We will evaluate the performance of the model using the accuracy score, which measures the proportion of correctly classified transactions.

from sklearn.metrics import accuracy_score
 
# Evaluate the performance of the model
y_pred = model.predict(X_test)
accuracy = accuracy_score(y_test, y_pred)
print(f'Accuracy: {accuracy:.2f}')

The output should look something like this:

Accuracy: 0.80

Step 6: Predict the category of new transactions

Finally, we can use the trained model to predict the category of new transactions based on their text notifications.

# Predict the category of new transactions
new_data = pd.DataFrame({
    'Text Notification': [
        'ATM WITHDRAWAL 1234',
        'QUICK MART PURCHASE #1234',
        'TRANSFER FROM JOHN',
    ]
})
 
new_data['Text Notification'] = new_data['Text Notification'].apply(preprocess)
X_new = vectorizer.transform(new_data['Text Notification'].apply(lambda x: ' '.join(x)))
 
y_new = model.predict(X_new)
print(y_new)

Bonus Step: Saving the model for reuse

In this example, we're saving the trained model to a file named text_classification_model.joblib. We can then load the model from the file using the joblib.load() function, and use it to make predictions on new data. Note that we're using the joblib module instead of the built-in pickle module because it's optimized for storing large NumPy arrays, which are often used in machine learning models.

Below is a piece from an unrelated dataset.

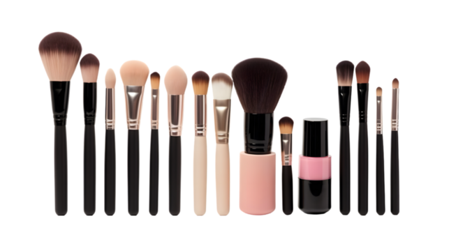 elegant collection of makeup and beauty essentials arranged on isolated transparent background
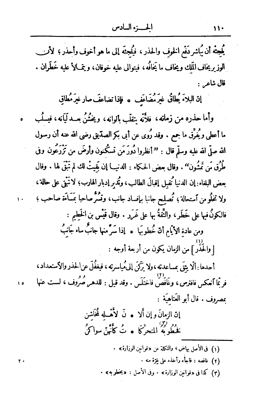 أحدها: ألّا يثق بمساعدته، ولا يركن إلى مياسرته، فيغفل عن الحذر والاستعداد، فربّما انعكس فافترس، وغافص [2] فاختلس. وقد قيل: للدهر صروف، لست عنها بمصروف. قال أبو العتاهية:

from sklearn.externals import joblib
 
# ...training code here...
 
# Save the model
joblib.dump(model, 'text_classification_model.joblib')
 
# Load the model
model = joblib.load('text_classification_model.joblib')
 
# Predict using the loaded model
y_new = model.predict(X_new)
print(y_new)

Conclusion

In this blog post, we've explored how to perform multi-class text classification using Scikit-learn with an example dataset of financial transactions. We've learned how to preprocess the text, extract features using the Bag-of-Words model, train a machine learning model using the Multinomial Naive Bayes algorithm, and evaluate the performance using the accuracy score. We've also seen how to use the trained model to predict the category of new transactions based on their text notifications.

Text classification is a powerful tool for automating the categorization of text data and can be used in a variety of applications, from sentiment analysis to content moderation. By using Scikit-learn and the techniques outlined in this blog post, you can easily perform multi-class text classification on your own datasets.